Valčuha shows a deft touch with NSO

Fri Oct 07, 2016 at 10:58 am
Juraj Valčuha conducted the National Symphony Orchestra Thursday night.

Juraj Valčuha conducted the National Symphony Orchestra Thursday night.

In a continuing series this season, “Shakespeare at the Symphony” the National Symphony Orchestra is presenting music inspired by the Bard’s words. This week’s program of three rarely heard examples by Korngold, Dvořák, and Strauss featured the return of Juraj Valčuha, heard last night in the Kennedy Center Concert Hall. The brilliant young Slovakian conductor, who takes over this month as the music director of the Teatro di San Carlo in Naples, also led a performance of Beethoven’s Piano Concerto No. 1 with Emanuel Ax as soloist.

As with last week’s program, scenes from Shakespeare plays shared the stage with the orchestra in the second half. Before the downbeat of the suite from Korngold’s incidental music to Much Ado about Nothing, Washington-based actors Naomi Jacobson and Craig Wallace interrupted with a brief scene of bickering between Beatrice and Benedick from the play. It was a diverting lead-in to the boisterous fun of Korngold’s overture, which Valčuha shaped confidently in dynamics and rubato.

The 21-year-old Korngold composed this charming music for performances of the play in Vienna in 1920. The military march for the night watch of Dogberry and Verges was comically inebriated, and principal horn player Abel Pereira made easy work of the challenging solos in the “Masquerade.” The saccharine “Intermezzo” and the kitschy glockenspiel glissandi in “Masquerade” are a good demonstration of Korngold’s mastery of Straussian harmony and sentimental Viennese melody, which became the template for his work as a film composer in Los Angeles. The NSO even included the part for harmonium, which came to the fore, steeped in nostalgia, in the second movement.

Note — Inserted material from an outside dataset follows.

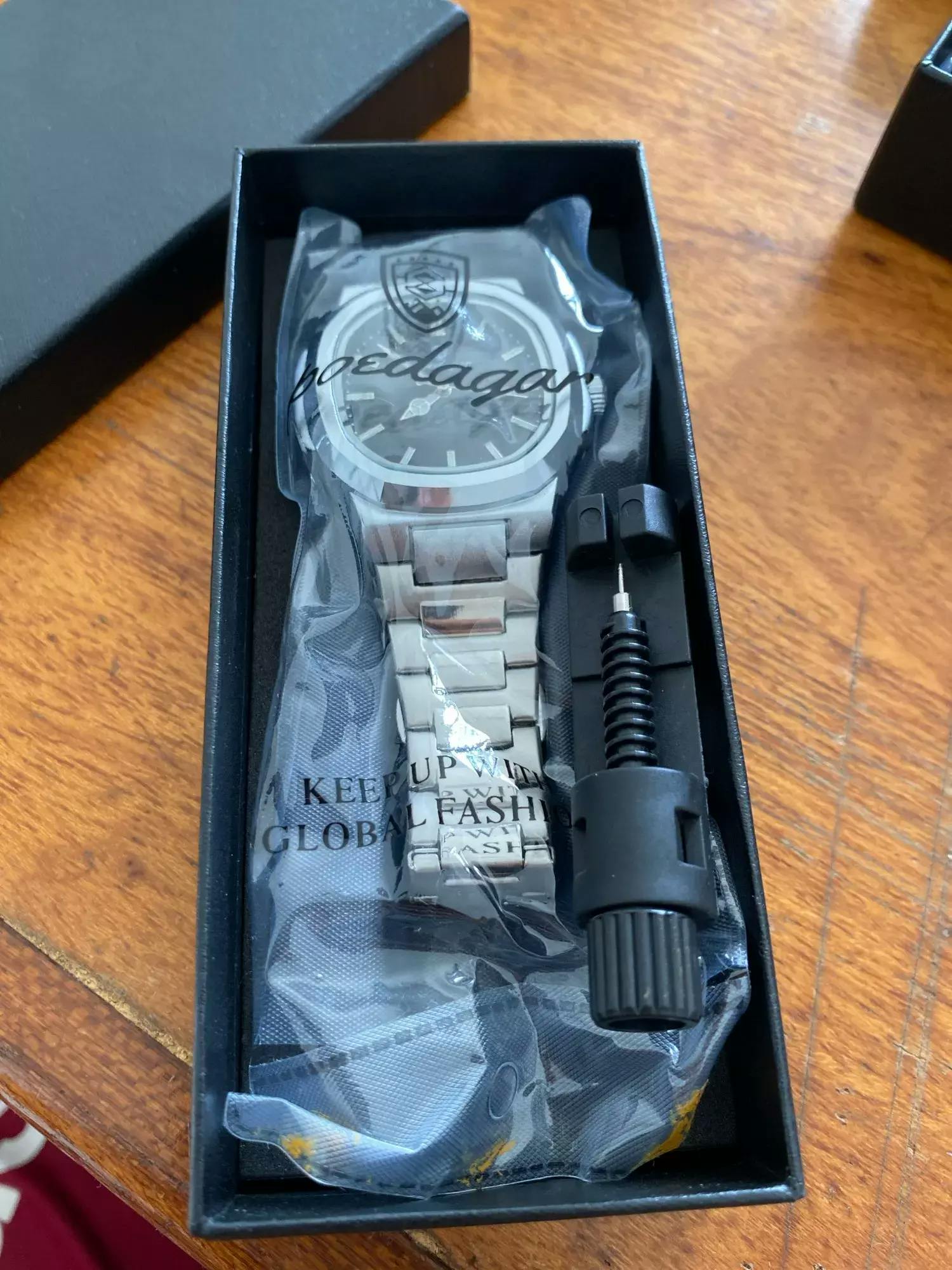 Regulowana bransoleta w uniwersalnym rozmiarze oraz narzędzie do samodzielnej regulacji w zestawie.

Tragedy was the focus of the other two Shakespeare-inspired works. Wallace’s recitation of the “It is the cause?” speech from the end of Othello introduced Dvořák’s dramatic concert overture on that work. Luscious string playing, delicate and soft as silk, contrasted with the menace of the jealous theme that rumbles throughout the work. The composer used the same melody in a set of three overtures (Carnival and In Nature’s Realm. were the others) he titled “Nature, Life and Love.” Othello is the last of the three pieces, and one may hear it as representing death.

Valčuha set himself a challenge with a program of three pieces similar in Late Romantic style, and he rose to that challenge. He has a crystalline conducting style, with small, precise gestures that indicate exactly where he wants the music to go. He made the best case for Richard Strauss’s tone poem Macbeth, completed in 1888 but thoroughly revised in form and orchestration a few years later. With an ensemble similar in scope to that used by Dvořák, Strauss unleashed vast waves of sound. Valčuha helped the orchestra make the most of those climactic moments by controlling sound leading up to them and by keeping the ensemble in strict unity.

Emanuel Ax. Photo: Lisa Marie Mazzucco

Emanuel Ax. Photo: Lisa Marie Mazzucco

For a Thursday night, especially at a concert featuring audience favorite Emanuel Ax at the piano, the concert hall had some surprisingly large bare patches among the seats. Ax’s recent appearance with the NSO have shown him in an autumnal glow as a musician, especially in the Beethoven concerti. The First Piano Concerto is the least inspiring of the composer’s five, but Ax drew everything he could from it. The first movement was taken at a daringly fast tempo, and  Valčuha deft rubato adjustments kept the orchestra right with their soloist.

Ax chose to play the long, almost absurdly virtuosic cadenza that Beethoven wrote for the first movement after the work’s premiere. As he launched into it, Valčuha accidentally speared a hanging microphone with his baton, which he then had to retrieve. The incident put no one off his stride, as the second movement was tender, especially the dialogue between the soloist and the solo clarinet toward the end. The third movement was joyous without pushing the speed, allowing Ax’s hand-crossings to be elegantly voiced.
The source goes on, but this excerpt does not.